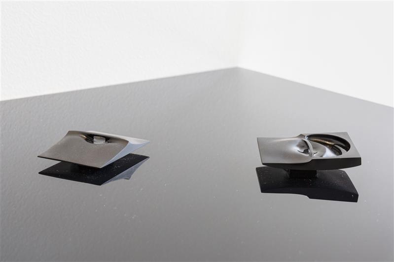 Eve Margus-Villems on graveerinud basaldist süvendiga sõrmuse, mille põhja valgunud mustavalt õlilaigult peegeldub vaataja enese kujutis.
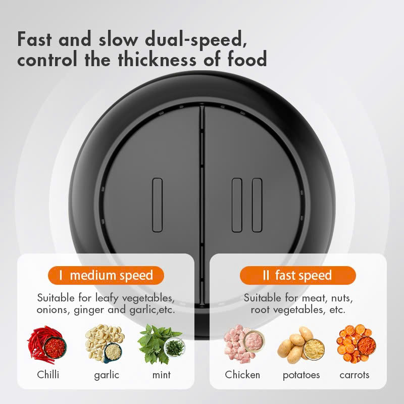 Máy trang bị 2 mức tốc độ xay (nhanh/chậm), cho phép bạn linh hoạt điều chỉnh tùy theo loại thực phẩm và độ mịn mong muốn. Nút chỉnh tốc độ dạng nhấn trực quan, dễ sử dụng, giúp mọi thành viên trong gia đình đều có thể thao tác một cách đơn giản và an toàn.
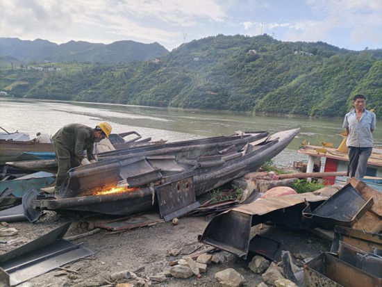 今日房縣網訊? 記者 李平 通訊員 鄭舒鑫? 馮磊? 報道:7月26日,房縣姚坪鄉正在切割銷毀漁船。該鄉地處堵河流域、黃龍灘庫區腹地,自我市發布重關于全市點水域實施禁捕通告后,該鄉272名漁民主動上交自己的漁船,禁漁退捕。與此同時,按照省市縣退捕政策,漁民均拿到了補貼。堵河自此再無漁船。
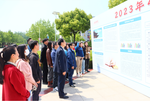 会后,全体党员在图书馆楼前参观了党的二十大报告关于“深化全民阅读活动”和习近平总书记致首届全民阅读大会贺信精神展板。
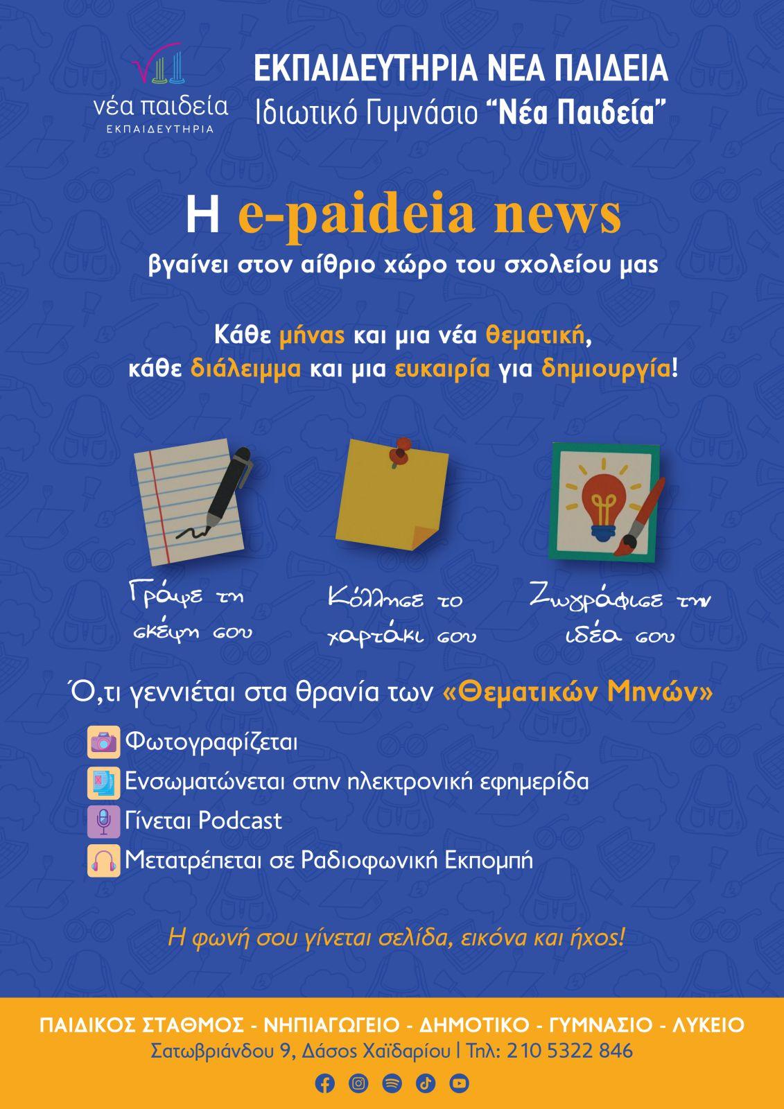 Η βραβευμένη επί δύο συναπτά έτη σχολική μας εφημερίδα e-paideia news δίνει νέα πνοή στη σχολική ζωή, μεταφέροντας τη δημιουργικότητα και τη φωνή των μαθητών στον αίθριο χώρο του σχολείου μας.
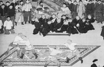 到清代,角抵开始与满族民俗相交融,并被称为“布库”。由于宫廷支持,这项运动又逐渐走向新高潮。“善扑营”称为当时清廷专门管理角抵的机构,同时也出现了专职的“布库手”,其单以角抵为职,研究和练习摔跤。这在清代画家郎世宁创作的《塞宴四事图》中即有描绘。每年腊月二十三日,其会在养心殿前举行比赛。按画中所示,参与比赛的四人两两对抗,气氛紧张。
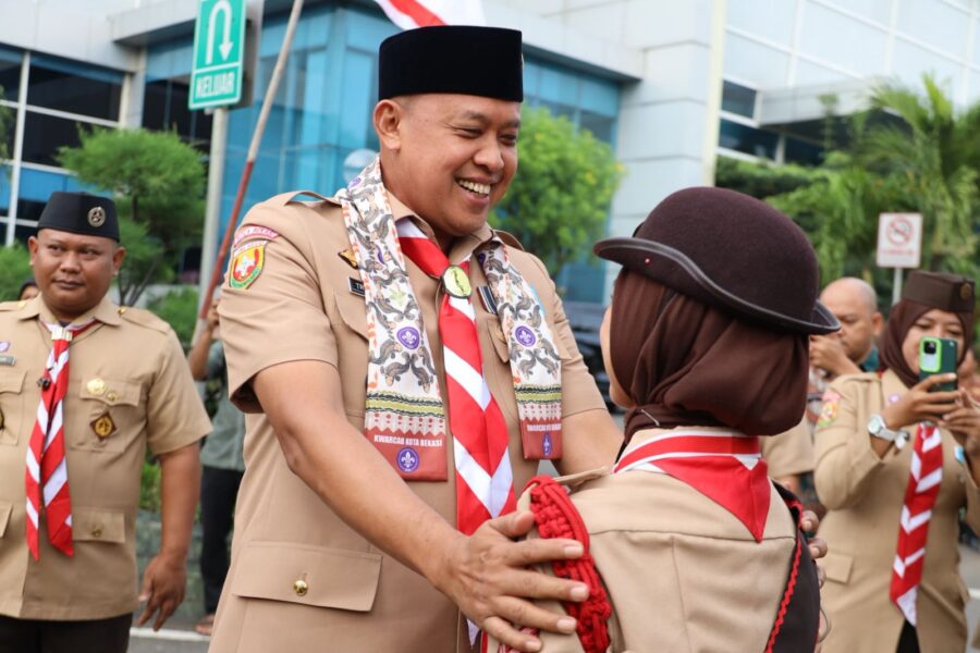 FAJARLAMPUNG.COM, Kota Bekasi – Dalam rangka Hari Pramuka ke-64, Gerakan Pramuka Kota Bekasi menggelar upacara peringatan di Plaza Kantor Pemerintah Kota Bekasi, Kamis (14/8). Acara dihadiri jajaran Forkopimda Kota Bekasi, Ketua Kwarcab Kota Bekasi Ade Puspita Sari, unsur Kwartir, para pembina, pelatih, serta anggota Pramuka dari berbagai tingkatan.
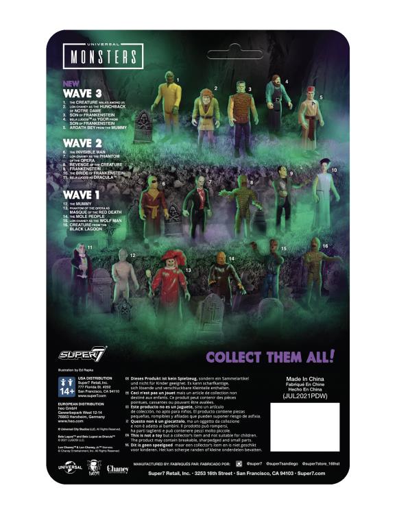 While beauty (or lack thereof) may often only be skin-deep, in the case of Ygor, his twisted physique does not belie the twisted heart of a murderer. This 3.75” articulated Universal Monsters ReAction figure of Ygor depicts Bela Lugosi in one of his most memorable roles and comes on cardback featuring classic Monsters-style artwork by Ed Repka. Given his propensity for using Frankenstein’s monster to seek revenge on those who have wronged him, the prudent move is to stay in his good graces and add the Universal Monsters ReAction figure of Ygor to your collection!
________
=== Exercise objective ===
Beginning with the line above that contains "今日房縣網訊? 記者 李平" and ending with the line that contains "会后,全体党员在图书馆楼前参", quote each line exactly, keeping out the pictures.

=== Reply to the task ===
 今日房縣網訊? 記者 李平 通訊員 鄭舒鑫? 馮磊? 報道:7月26日,房縣姚坪鄉正在切割銷毀漁船。該鄉地處堵河流域、黃龍灘庫區腹地,自我市發布重關于全市點水域實施禁捕通告后,該鄉272名漁民主動上交自己的漁船,禁漁退捕。與此同時,按照省市縣退捕政策,漁民均拿到了補貼。堵河自此再無漁船。
 会后,全体党员在图书馆楼前参观了党的二十大报告关于“深化全民阅读活动”和习近平总书记致首届全民阅读大会贺信精神展板。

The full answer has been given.